Big Data Consultant
Remobi
Embu das Artes, SP - há 1 hora
Descrição do trabalho
Job Title: Big Data Engineer

Location: Remote

Employment Type: [Full-Time/Contract]

Department: Data Engineering / Analytics

About the Role:

We are looking for a highly skilled and experienced Big Data Engineer to join our growing data team. As a Big Data Engineer, you will be responsible for designing, developing, and optimizing scalable data pipelines and architectures that enable data-driven decision-making across the organization.
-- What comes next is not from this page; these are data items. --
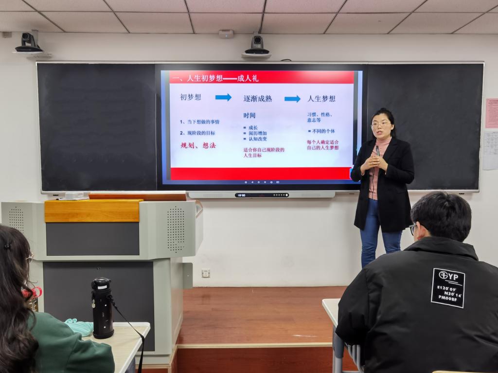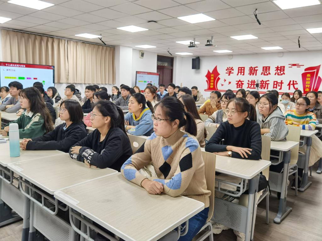 随后,她以矩阵性质、线性方程组的求解、近世代数的实际应用等内容为例,引导学生要善于思考、学为己用,强调价值重塑、知识吸收、能力培养三者应融为一体、不可分割。她结合“显性”知识和“隐性”知识的概念,鼓励学生强化提出、分析、解决问题的能力,运用批判思维、质疑精神,实现知识的升华,能力的提升。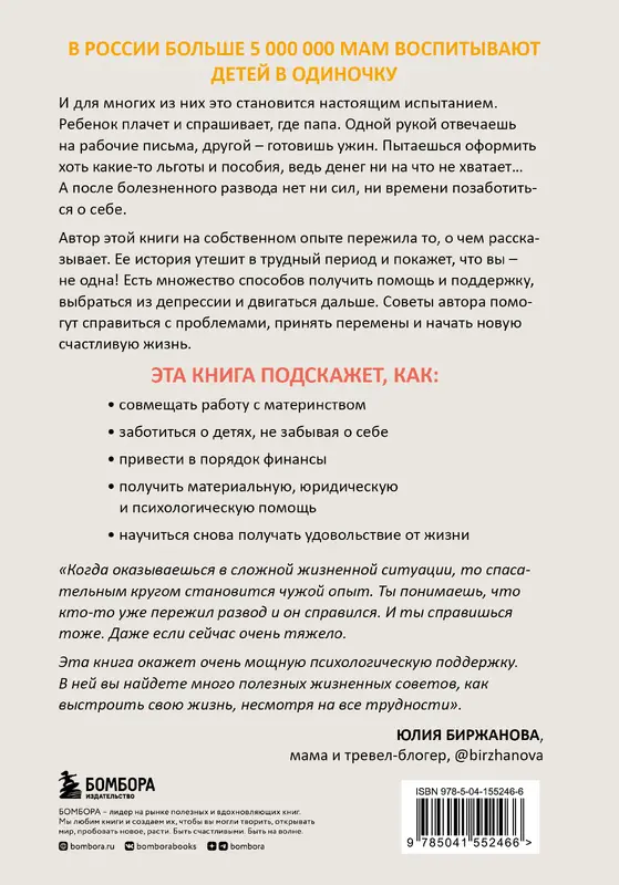 Для многих мам воспитание детей в одиночку становится настоящим испытанием. К финансовым и бытовым сложностям часто добавляются душевная боль после развода, предвзятое отношение окружающих, непонимание, как объяснить ситуацию ребенку. Автор этой книги на собственном опыте пережила то, о чем рассказывает. Ее история утешит в трудный период и покажет, что вы – не одна! Есть множество способов получить помощь и поддержку, выбраться из депрессии и двигаться дальше. Советы автора помогут справиться с проблемами, принять перемены и начать новую счастливую жизнь.
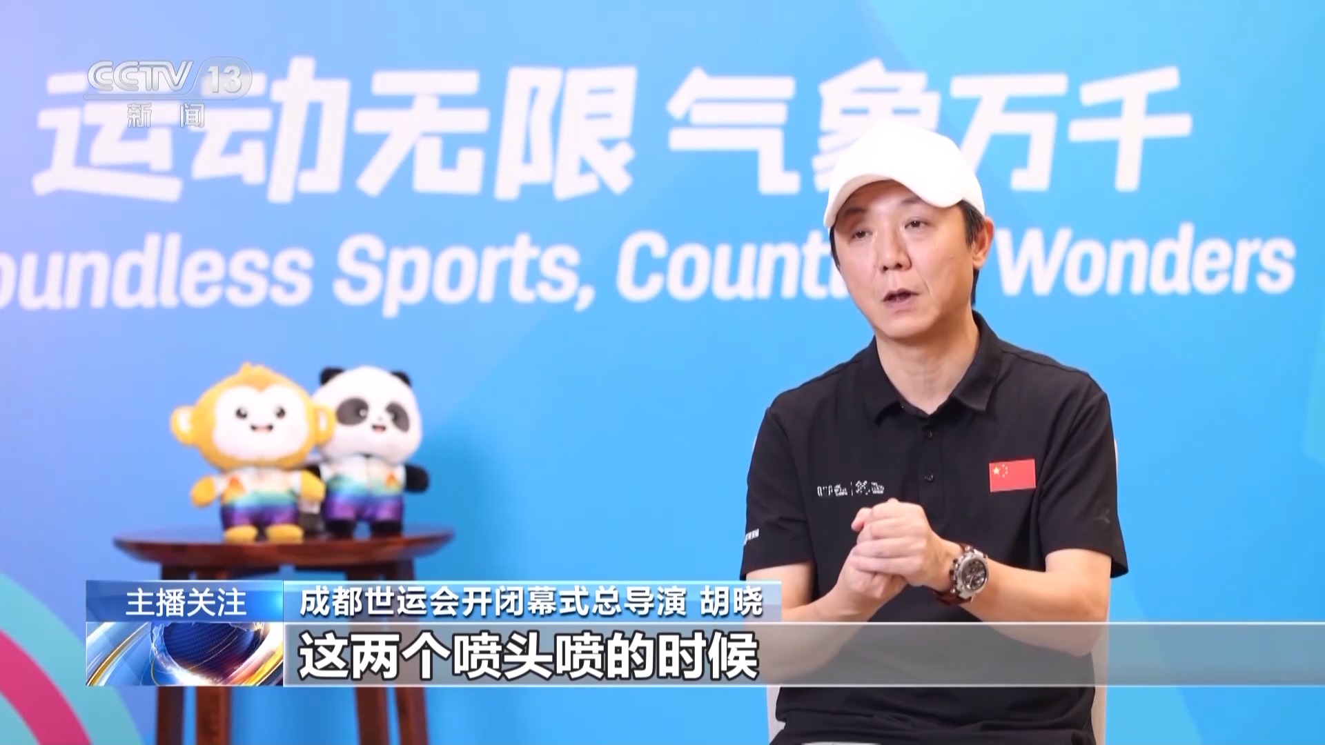 成都世運(yùn)會(huì)開閉幕式總導(dǎo)演 胡曉:乍一看都以為是里面加了個(gè)燃?xì)夤艿?。不是,它真的把天然氣融到水里去了。它是外面一根水管,里面一根氣管,這兩個(gè)噴頭噴的時(shí)候,外面的水管因?yàn)樗膲毫芫鶆?,而且足夠大,可以形成一個(gè)管壁,變成一個(gè)天然氣管道,氣就從里面出來(lái)了,而這個(gè)氣又不能太大,太大了他又把水管壁給沖破了,太小了,又沖不上去,就要找到一個(gè)水與火之間的平衡,然后在最后點(diǎn)著的瞬間,水跟火都能融到一起去燃燒,去綻放,一個(gè)噴起來(lái),一個(gè)燃燒起來(lái)。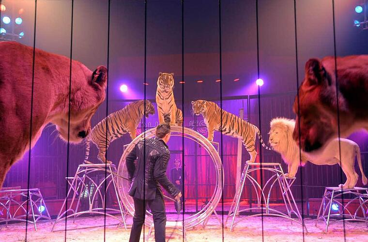 Geblieben hingegen sind die "traditionellen Nummern". Egal ob es nun eine Hochseilnummer, die gemischte Löwen- und Tigerdressur oder der Aufmarsch der drei mächtigen Elefanten ist, da ist Zirkus noch Zirkus wie er eh und je war, nur dass die Showeffekte aus Licht und Qualm mehr wurden.

You'll work closely with data scientists, analysts, and software engineers to ensure reliable, efficient, and secure data infrastructure.
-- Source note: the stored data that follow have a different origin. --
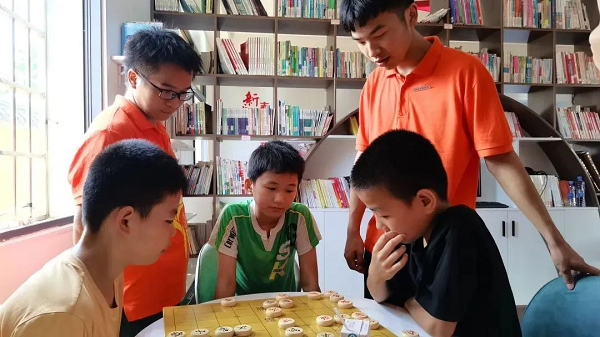 大数据与计算机学院走进石山村爱心儿童书屋,帮忙整理书籍,并为来到书屋的孩子们进行课业辅导,并陪孩子们进行猜古诗、猜谜语、成语接龙等游戏。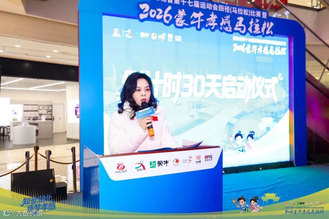 下午15:30,湖北省第十七届运动会田径(马拉松)比赛暨2026蒙牛孝感马拉松倒计时30天暨“我与省运同框”主题系列活动启动仪式准时拉开帷幕,孝感市文化和旅游局群众体育科科长李敏捷上台致辞,并正式宣布活动启动。
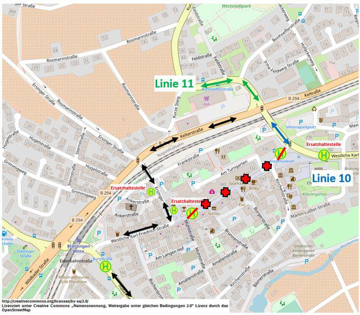 Fahrgäste der Linie 10 nutzen bitte die Ersatzhaltestellen in der Westlichen-Karl-Friedrich-Straße bei der Viktoriabrücke (Bücherbushaltestelle) oder die Ersatzhaltestellen in der Ersinger Straße. Fahrgäste der Linie 11 nutzen bitte die Haltestelle „Bonhoefferstraße“ oder die Ersatzhaltestellen in der Ersinger Straße.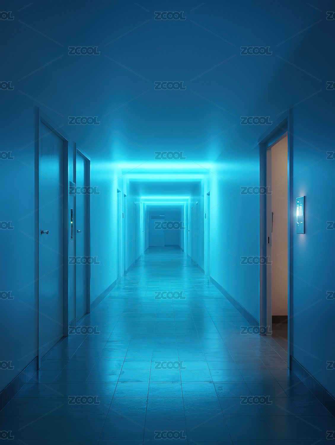 蓝色灯光下的空走廊
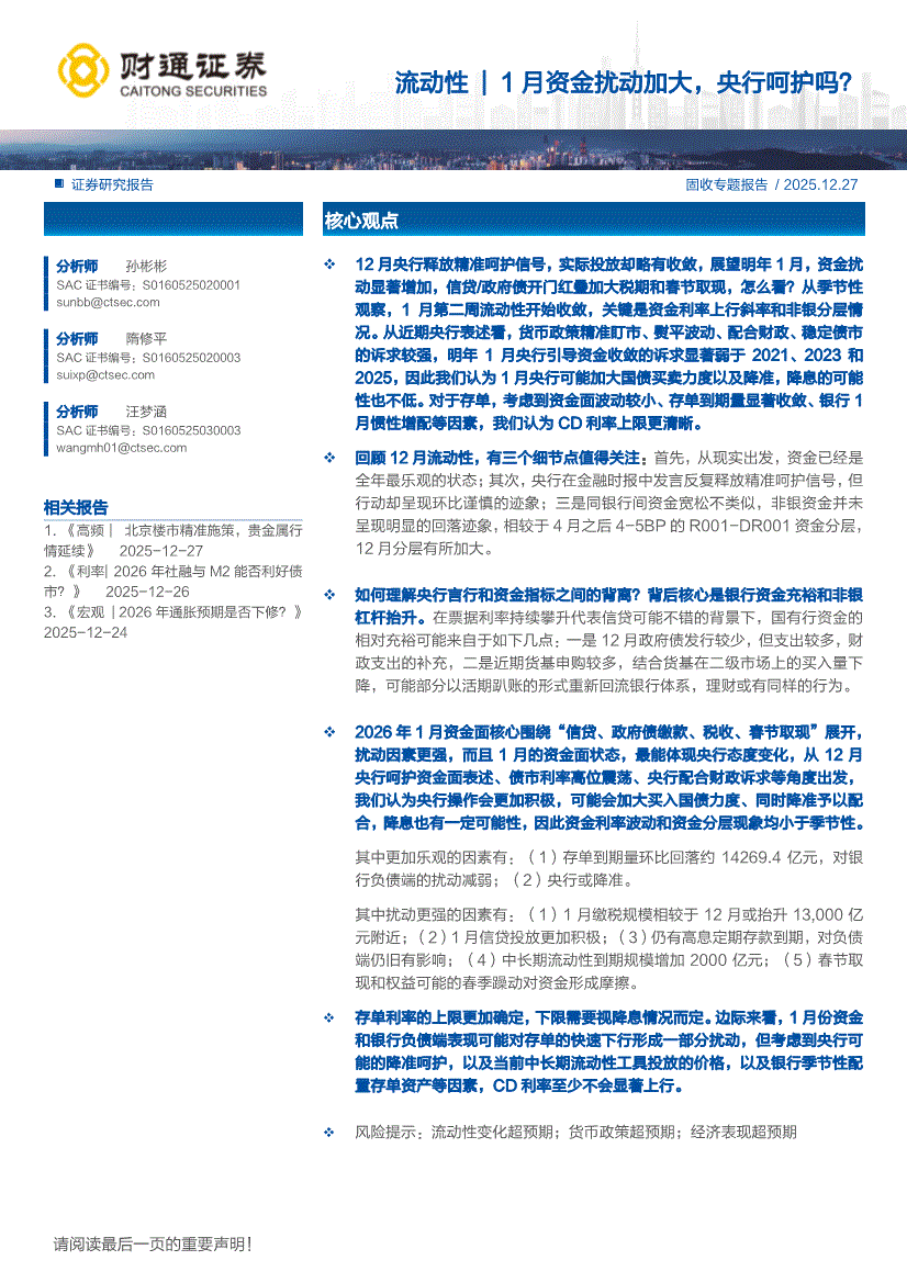 财通证券-流动性|1月资金扰动加大,央行呵护吗?-251227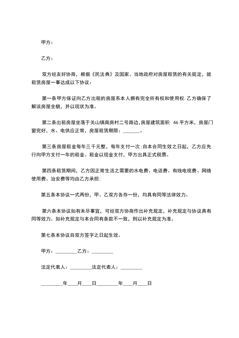 根据《中华人民共和国民法典》及其他相关法律、法规规定,甲乙双方在平等、自愿、协商一致的基础上,就下列房屋的租赁达成如下协议: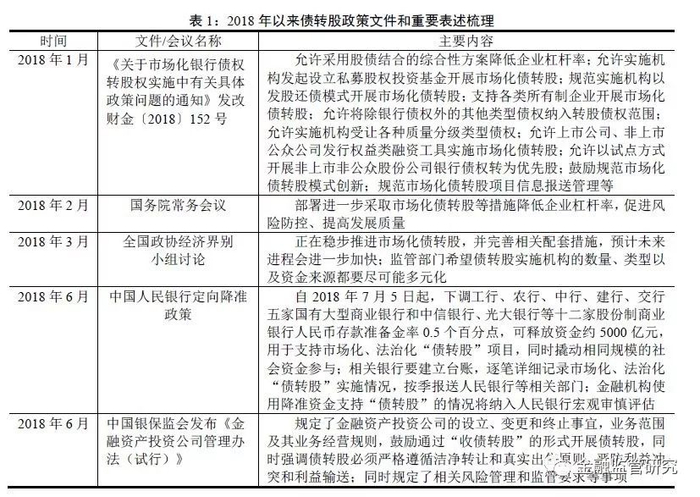 在市场化债转股被首次公开提出后的两年时间里,建立了国家发改委牵头的部级联席会议制度,多个部委出台一系列有关推动市场化、法制化债转股,降低非金融企业杠杆率的政策文件,逐步明确债转股实施的指导原则、资金来源和实施主体等内容,相关政策支持日益完善,为有序稳妥地推进债转股工作提供了良好的制度环境。同时,从陆续发布的相关政策文件的内容可以看出,市场化债转股是一项创新性工作,需要不断探索和完善,没有现成的、固定的模式可选(2018年以来相关重要的政策文件和官方场合的重要表述见表1)。因此,相关部门和银行、实施机构都要认真总结实践经验,在不断发现问题、解决问题的过程中,完善相关政策细节和实务操作。

Key Responsibilities:- Design, develop, and maintain robust and scalable data pipelines for batch and real-time processing.
  • Build and optimize data architectures to support advanced analytics and machine learning workloads.
  • Ingest data from various structured and unstructured sources using tools like Apache Kafka, Apache NiFi, or custom connectors.
  • Develop ETL/ELT processes using tools such as Spark, Hive, Flink, Airflow, or DBT.
  • Work with big data technologies such as Hadoop, Spark, HDFS, Hive, Presto, etc.
  • Implement data quality checks, validation processes, and monitoring systems.
  • Collaborate with data scientists and analysts to ensure data is accessible, accurate, and clean.
  • Manage and optimize data storage solutions including cloud-based data lakes (AWS S3, Azure Data Lake, Google Cloud Storage).
  • Implement and ensure compliance with data governance, privacy, and security best practices.
  • Evaluate and integrate new data tools and technologies to enhance platform capabilities.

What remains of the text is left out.